West Cavite Business Area
Cavite City
Kawit
Noveleta
Rosario
Imus City (Some parts of the city)

Impact

Access to Water 
By the end of 2018, Maynilad posted a total of 1,407,503 accounts or about 9.5 million people in its customer base. Almost all customers of Maynilad enjoy 24-hour uninterrupted water supply at an average pressure of seven pounds per square inch.

Water Losses 
When Maynilad was re-privatized in 2007, the company was losing some 1,500 million liters of treated water per day. This translated to a Non-Revenue Water (NRW) level of 67%—meaning two-thirds of the potable water it was producing was being lost.

Most of the water—some 75% —was lost through the old and inefficient distribution system Maynilad inherited from the government and its previous owners. In fact, the company’s pipe network is considered the oldest in Asia, some dating back to the time when the Philippines was still under the Spanish rule.

While a massive pipe replacement program would have dramatically reduced its NRW in a short amount of time, Maynilad decided against it because it would ultimately result in significantly higher tariffs for its customers. Instead, it invested in its human resources, technical equipment, engineering methodologies and internal procedures so it could serve more people through less water losses.

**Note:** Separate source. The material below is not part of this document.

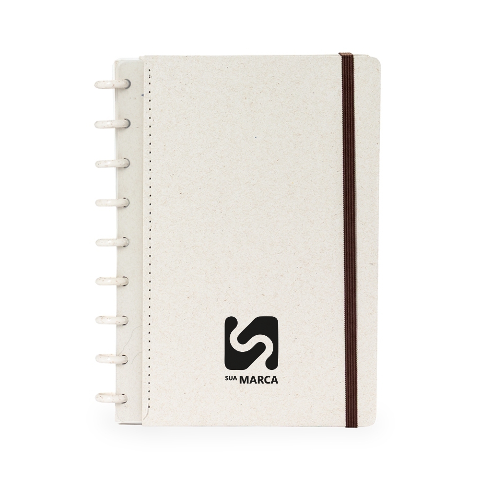 Caderno de capa dura em papel reciclado, com fechamento em elástico e encadernação em discos de fibra de arroz, que permitem adicionar ou retirar folhas compatíveis. Possui páginas dedicadas para dados pessoais, calendários de 2025 e 2026 e um manual para troca e retirada de folhas. Possui cerca de 80 folhas em papel reciclado pautadas.
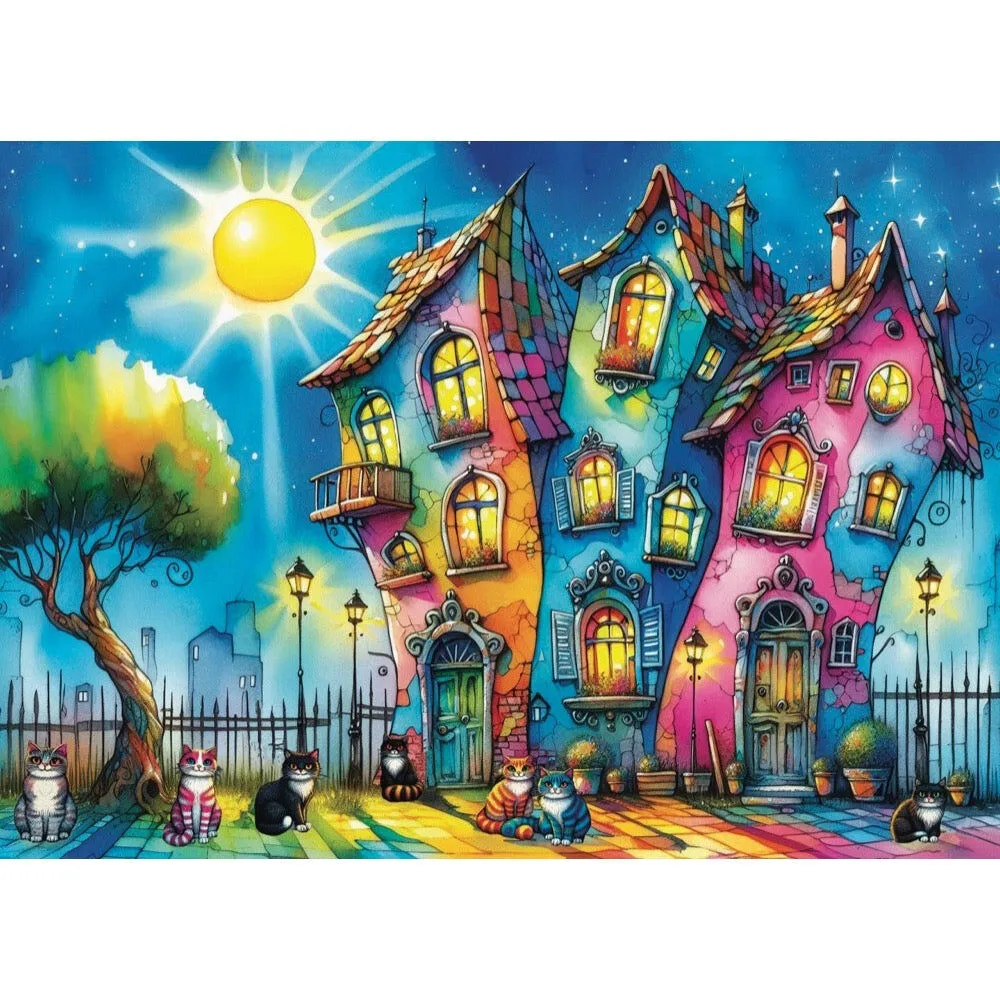 MEOWTIFUL NIGHT JaCaRou Puzzles are excellent quality and have a beautiful gloss finish. The pieces fit together perfectly and the colours are vibrant and clear. Specification - Dimensions : 27 in x 20 in - No. of pieces : 1000 PCS

After launching what was dubbed as the “largest NRW management project in the world”, Maynilad has successfully brought down its NRW level to an all-time low of 27% by the end of 2018.

In 2017, Maynilad plugged a total of 26,792 pipe leaks within its concessionaire area thus bringing the company’s total leak repairs to 316,757 since its re-privatization in 2007.

Maynilad’s water loss reduction efforts have been recognized by various organizations including the International Water Association and the United Nations Human Settlements Programme (UN Habitat).

Wastewater Management 
Aside from water services, Maynilad also manages wastewater in the West Zone in the form of sewerage and sanitation services.

Sewerage services involve the treatment of wastewater conveyed via a sewer network to Maynilad’s sewage treatment plants. At present, only residents and establishments in Ayala Alabang Village in Muntinlupa, Magallanes Village in Makati, portions of Manila, Malabon, and Navotas, Project 7 and Project 8 in Quezon City, and portions of South Caloocan may connect to Maynilad’s sewerage system.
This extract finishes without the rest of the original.